Overall, the idea is to try to confirm that it’s connecting to the Amsterdam replica, as opposed to getting sent all the way across the Atlantic. So, an IPv4 address might turn out to be just as useful.
If you SSH in to the various Postgres machines and ip -4 addr show eth0 inside, then perhaps you can distinguish the two continents that way?
(On Debian, ip is in the iproute2 package, and the man page for this sub-command is man ip-address.)
Seems like it’s being sent to the correct machine.
root@e82d921f743508:/# ip -4 addr show eth0
3: eth0: <BROADCAST,MULTICAST,UP,LOWER_UP> mtu 1420 qdisc pfifo_fast state UP group default qlen 1000
inet 172.19.160.66/29 brd 172.19.160.71 scope global eth0
valid_lft forever preferred_lft forever
inet 172.19.160.67/29 brd 172.19.160.71 scope global secondary eth0
valid_lft forever preferred_lft forever
root@e82d921f743508:/# echo $FLY_REGION
ams
I did run the same command on every machine in the cluster just to make sure that the IPv4 address wasn’t like, something that’s always the same or something. Was worried that maybe it was something weird inside the container because of Fly.io stuff usually being IPv6.
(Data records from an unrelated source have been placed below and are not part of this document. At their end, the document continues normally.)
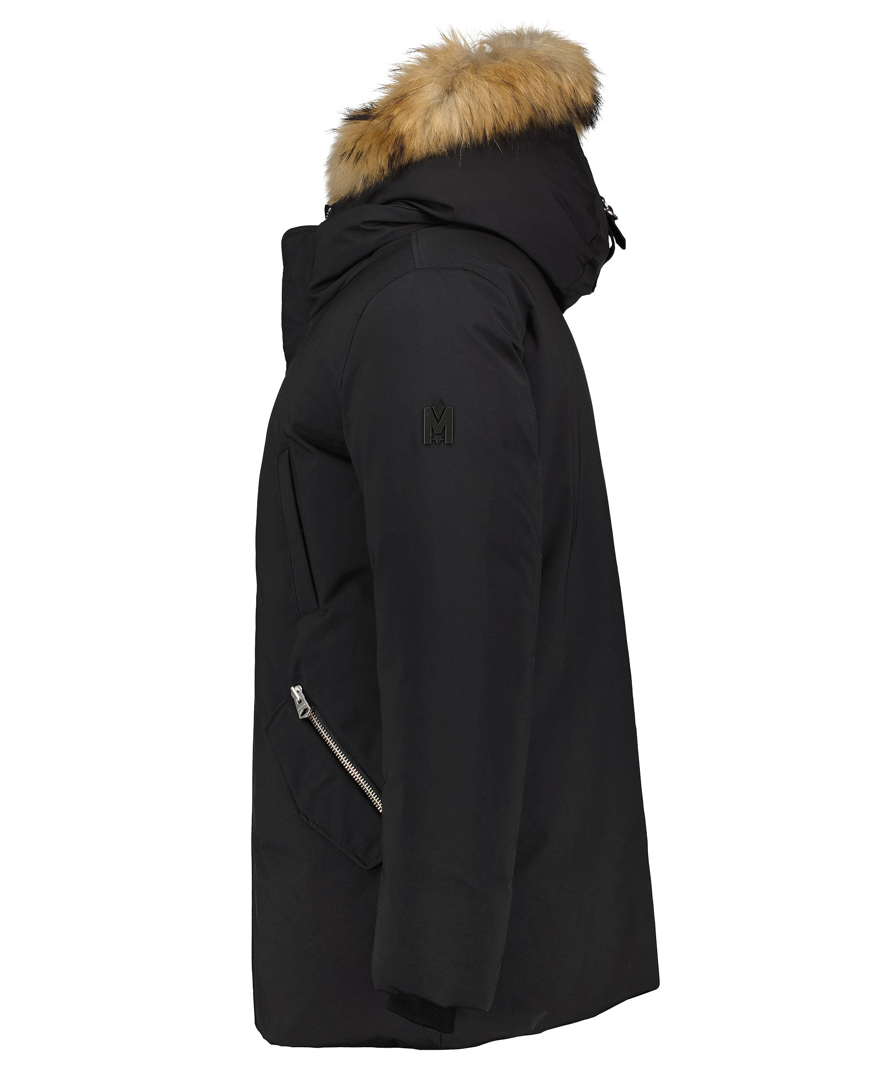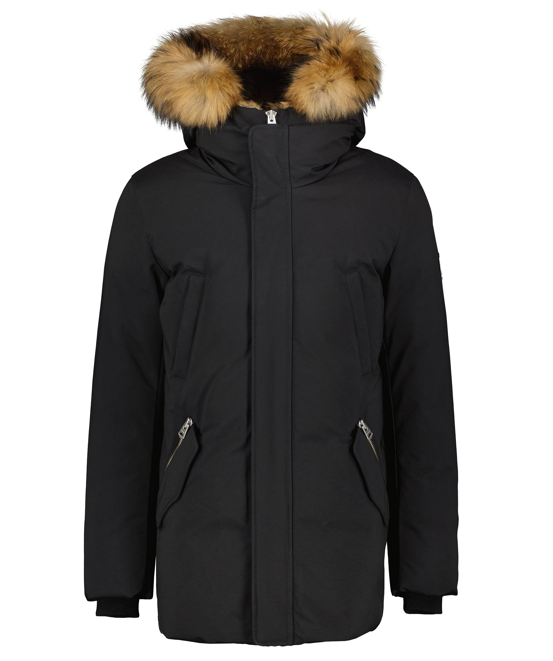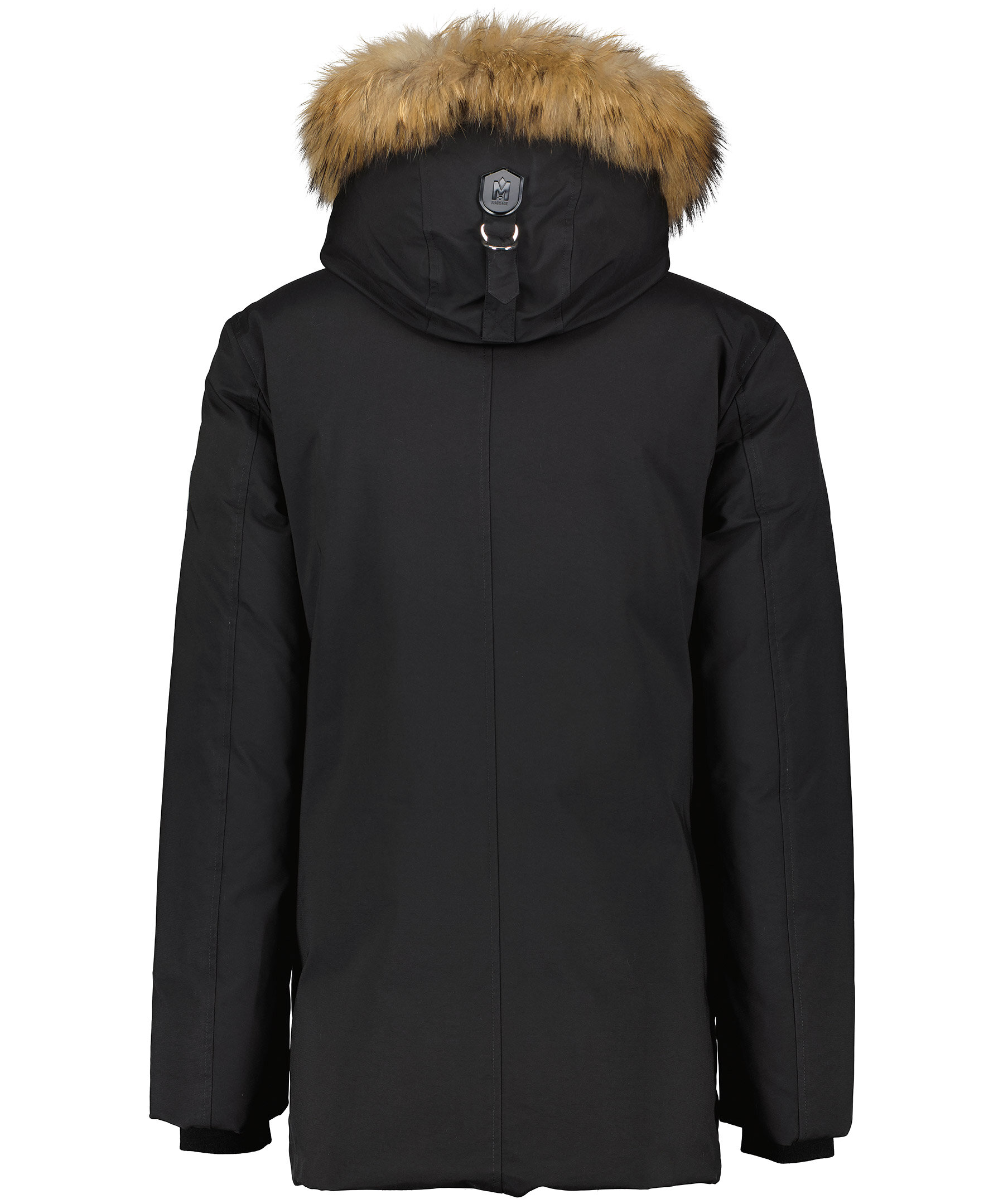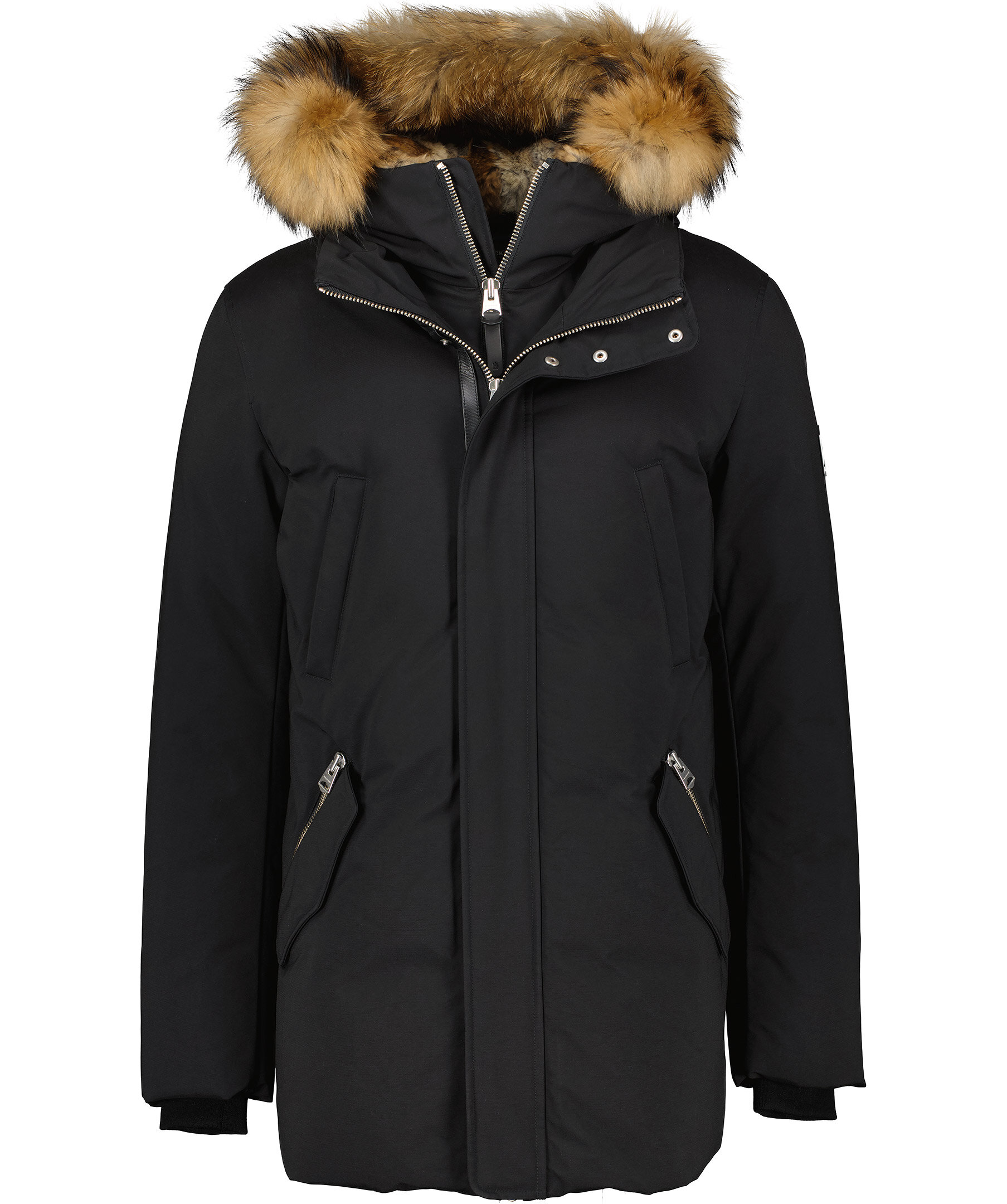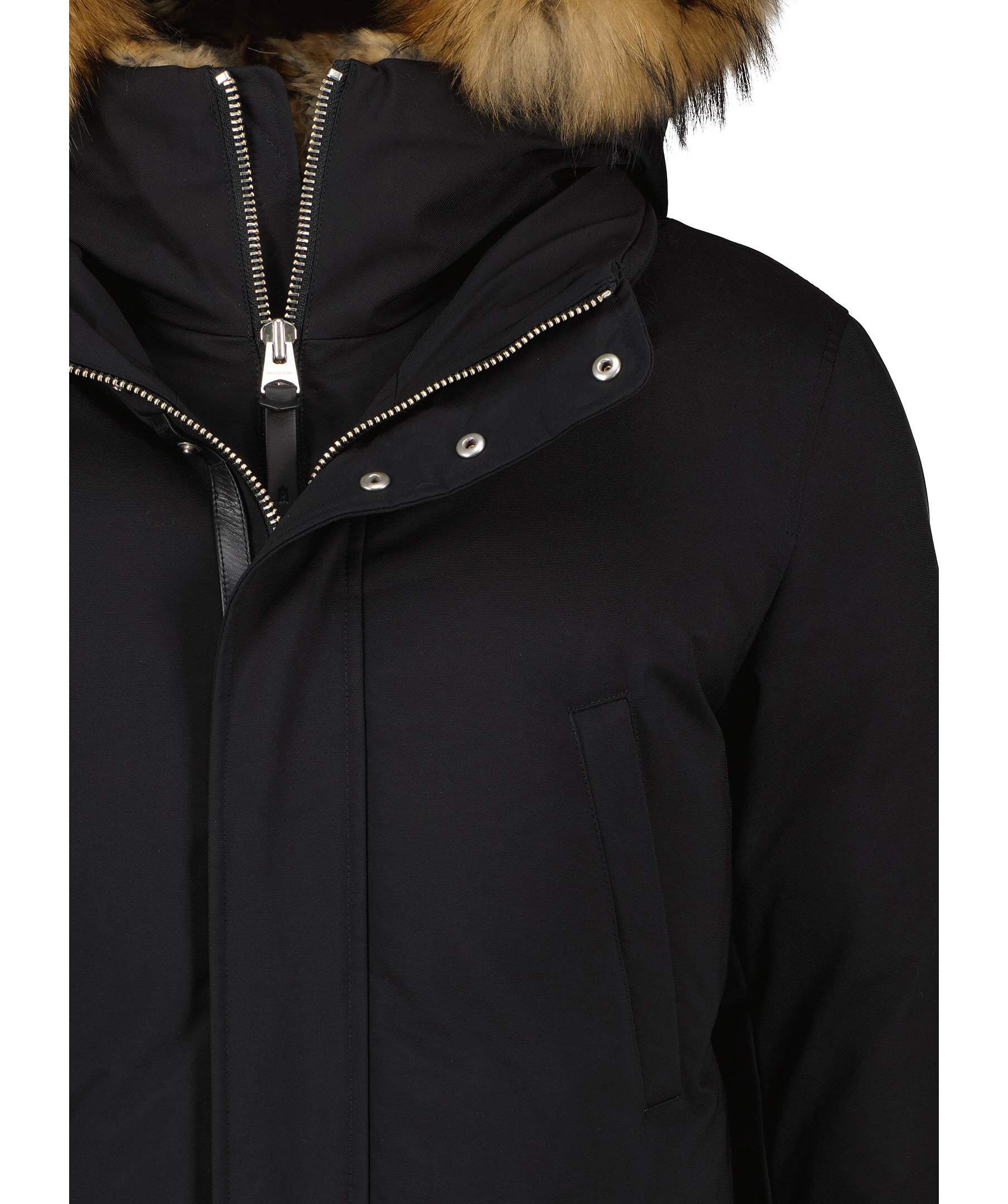 Svart dunjacka från Mackage med dubbla dragkedjor i höftlängd. Jackan har en kaninfodrad luva med pälskant som är avtagbar. Två snedställda frontfickor framtill samt två snedställa bröstfickor med fleecefoder. Två innerfickor med dragkedja samt värmande mudd i slutet av ärmar.
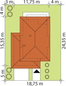 Graficzne opracowanie rzutów poglądowych widocznych na karcie projektu zostało wykonane przez Extradom.pl. Prezentowane przez Extradom.pl wizualizacje wykonane zostały przez autora projektu i należy poczytywać je jedynie za przykład i propozycję wykończenia, wizję architektoniczną autora projektu. Ostateczne wykończenie budynku może nastąpić na wiele sposobów. Szczegółowe rozwiązania zastosowane w oferowanej dokumentacji - w tym również ilość, lokalizacje i wygląd okien, drzwi, kominów - mogą w niewielkim stopniu różnić się od prezentowanej wizualizacji budynku.
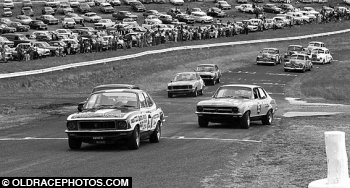 Peter Brock Torana XU-1 leads off at Baskerville 1972. Tim Smith XU-1 behind.
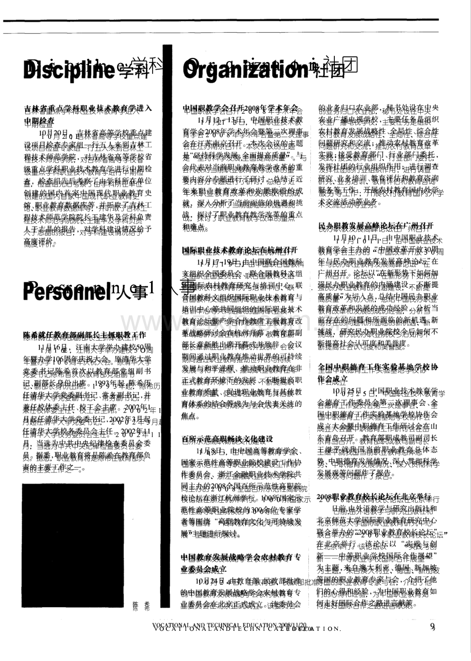 学科 社团吉林省重点学科职业技术教育学进入中国职教学会召开年学术年会的业务归口农业部,秘书处设在中央中期检查月日,中国职业技术教农业广播电视学校,主要任务是组织月,吉林省高等学校重点建育学会年学术年会暨第二次理事农村教育发展战略性、全局性、综合性设项目检查专家组一行五人来到吉林工会在江苏南京召开。本次会议的主题问题研究和交流;推动农村教育改革程技术师范学院,对吉林省高等学校省是“坚持科学发展,全面提高质量”。与实践;接受教育部门、行业部门委托,级重点学科职业技术教育学进行中期检会代表对当前职业教育教学改革的重发挥社团的行业组织作用;进行调查查,检查组先后考察了由学科所在单位要内容分专题进行了研讨,总结了近研究、业务培训、教育评估和教育咨询创建的国内首家中国现代职业教育史年来职业教育改革和发展取得的成服务等工作;开展农村教育国内外学馆、职业教育数据库等,并听取了吉林工就,深入分析了当前面临的机遇和挑术交流活动等业务。程技术师范学院院长王建华及学科负责战,探讨了职业教育教学改革的重点人于志晶的报告,对学科建设情况给予和难点。民办职教发展高峰论坛在广州召开高度评价。月日,由中国职业技术国际职业技术教育论坛在杭州召开教育学会主办的“中国改革开放周月日,由中国联合国教科年与民办职业教育发展高峰论坛”在文组织全国委员会、联合国教科文组广州召开。论坛以“在新形势下如何加人事织国际农村教育研究与培训中心、联强民办职业教育的内涵建设,不断提合国教科文组织国际职业技术教育与高质量”为切人点,总结中国民办职业培训中心等共同组织的国际职业技术教育改革和发展的成功经验,分析当教育论坛暨产学合作教席工程教育改前存在的问题和所面临的新机遇、新陈希就任教育部副部长主抓职教工作革战略研讨会在杭州开幕,教育部副挑战,研究民办职业院校今后如何不月,江南大学举办建校周部长章新胜出席开幕式并致辞。会议断提高社会认可度和美誉度。年暨办学 周年庆祝大会。原清华大学期间通过职业教育推动世界的可持续党委书记陈希首次以教育部党组副书发展与和平进程、推动职业教育在非全国中职德育工作实验基地学校协记、副部长身份出席。年起,陈希历正式教育环境下的发展、不断提高职作会成立任清华大学党委副书记、常务副书记,并业教育质量、促进职业教育与其他教月日,中国职业技术教育学兼任校体委主任、校工会主席。年育体系的结合等成为与会代表关注的会德育工作委员会第二次理事会、全月起任清华大学党委书记,年月起焦点国中职德育工作实验基地学校协作会任清华大学校务委员会主任。年成立大会暨中职德育工作研讨会在山月,当选为中共中央纪律检查委员会委百所示范高职畅谈文化建设东青岛召开。教育部职成教司副司长员。据悉,职业教育将是陈希在教育部负,日,由中国高等教育学会、王继平就我国当前职业教育总体态责的主要工作之一。国家示范性高等职业院校建设工作协势、中职德育发展情况、深入贯彻科学作委员会、浙江金融职业技术学院共发展观等问题作了报告。同主办的全国百所示范性高职院校论坛在浙江杭州举行。所国家示职业教育校长论坛在北京举行范性高等职业院校的余位专家学日前,由外语教学与研究出版社和者等围绕“高职教育文化与可持续发北京师范大学国际职业教育研究中心展”主题进行探讨。联合举办的“职业教育校长论坛”在北京举行。该论坛以“实践与创中国教育发展战略学会农村教育专新中等职业学校国际合作展望”业委员会成立为主题,来自澳大利亚、德国、新加坡月日,由教育部、民政部批准 等国的职业教育专家与会,介绍了他的中国教育发展战略学会农村教育专们的心得和经验,为中国职业教育如陈希业委员会在北京正式成立。该委员会何走好国际合作之路进言献策。
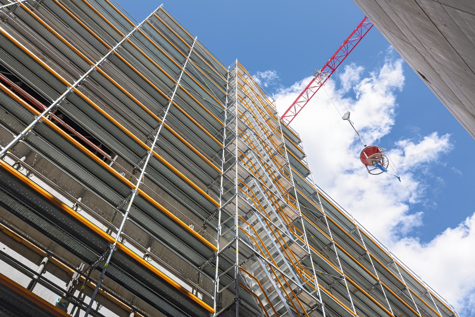 Die Treppe in 67 cm Breite passt sich nahtlos an das PERI UP Fassadengerüst an. -
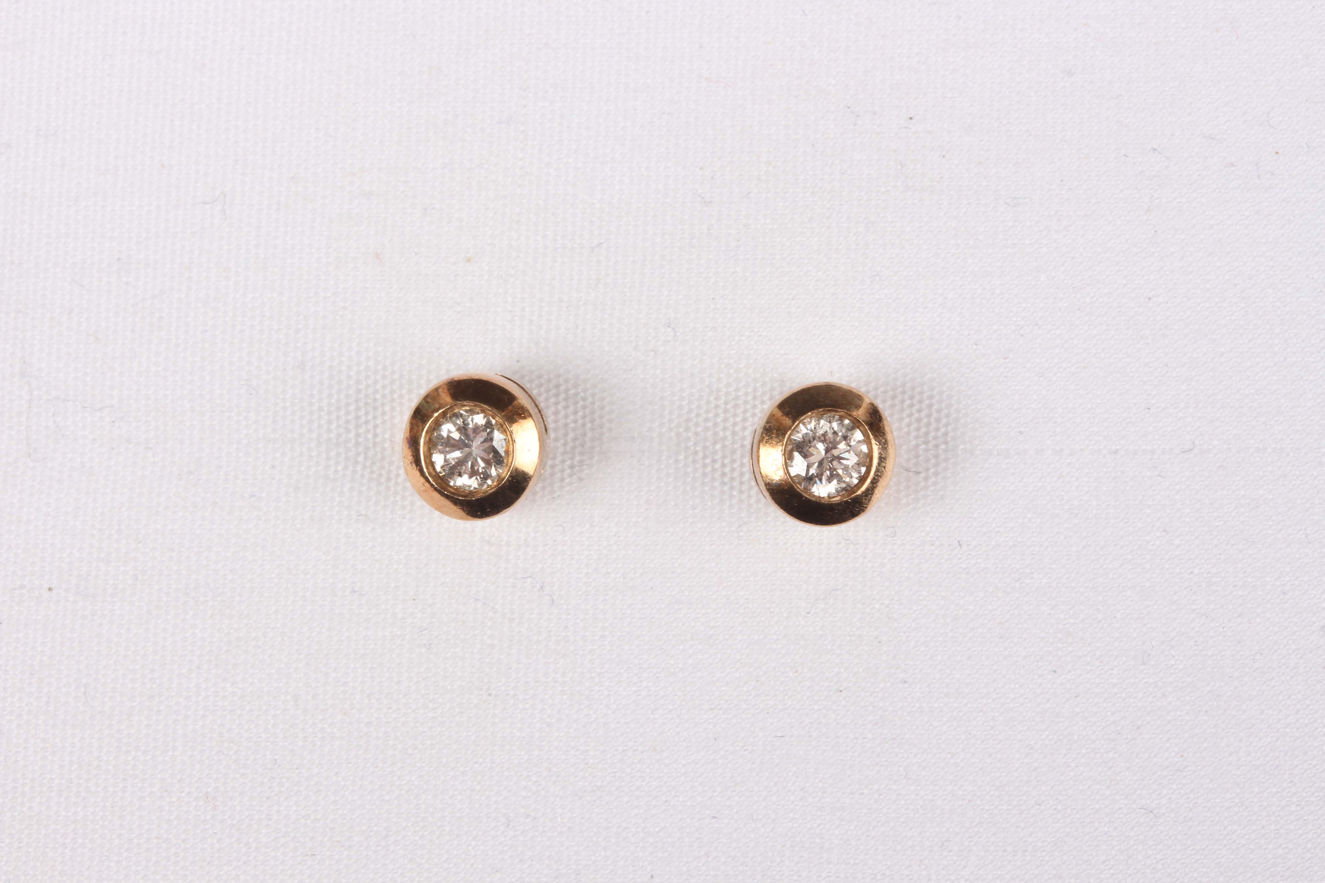 A pair of gold and diamond single stone earstuds, each mounted with a circular cut diamond, with post fittings and butterfly fittings, detailed '10K', total weight 1.6g.
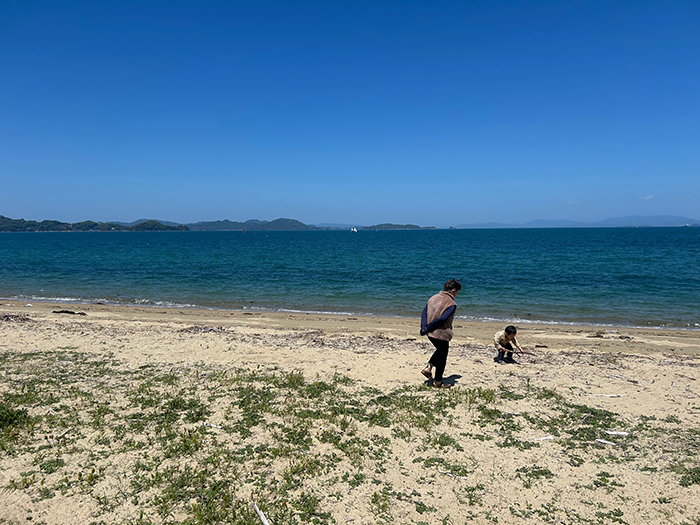 初め松ぼっくりを拾って居たが次は海岸に散らばる木の枝を集め出した
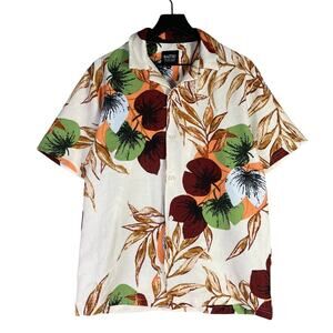 Malibu Beach Club Floral Hawaiian Shirt M Tropical Aloha Island Style Camp
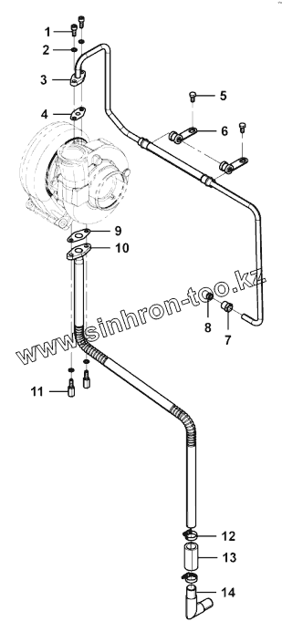Каталог запасных частей к технике: Weichai WD10 G220E23. Turbocharger oil pipe group
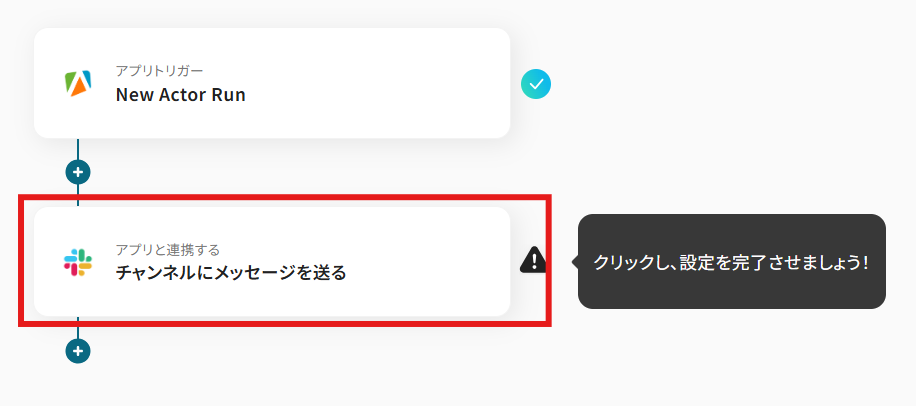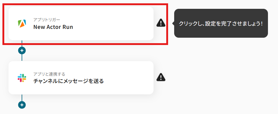 このワークフローは、Apifyでアクターが新しく実行されたタイミングを検知し、Slackへ自動で通知を送信します。
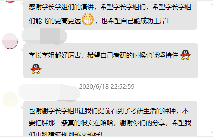 周晓璐,建筑学2015-2班,已被哈尔滨工业大学建筑公司录取,在交流会中介绍了哈工大老八校的实力水平,考研难度、考研参考书及考研计划安排。城乡规划2015级于海霞,成功考入大连理工大学建筑与艺术公司,她重点介绍了在备考过程中四门考试科目的时间安排与具体做法。敬玲玉、王映雪从快题专业课方面给大家分享了自己的经验。王储、贾儒轩分享了跨专业报考和调剂等相关注意事项。

I feel like at this point it has to be something with Fly.io’s networking in ams, especially with flycast. But even using the .internal address above in ams still had a higher latency compared to using .internal in iad. Nevermind, I just reran this and the response time is the same as in iad. So it’s just something with flycast in ams.
root@e2860e0a563d28:/code# time psql -h "splashcat-db.internal" -p 5433 -c "select state, count(*) from pg_stat_activity group by state" -U postgres
state | count
--------+-------
| 4
active | 1
idle | 8
(3 rows)
real 0m0.048s
user 0m0.031s
sys 0m0.005s
root@e2860e0a563d28:/code# echo $FLY_REGION
ams
I’m guessing the try in the quoted post being slow was either just random luck or it routed it to iad for some reason. Rerunning it several times in a row with ams.splashcat-db.internal is pretty consistently around 0.05s.
Sorry for not really saying thanks sooner >.< I feel like I struggle a lot with knowing when to say it exactly and like, I worry a lot that it’d be weird if I said thanks in like every single post. yeah i don’t know why i wrote this but i did >.< but like really thanks so much for the help with this!!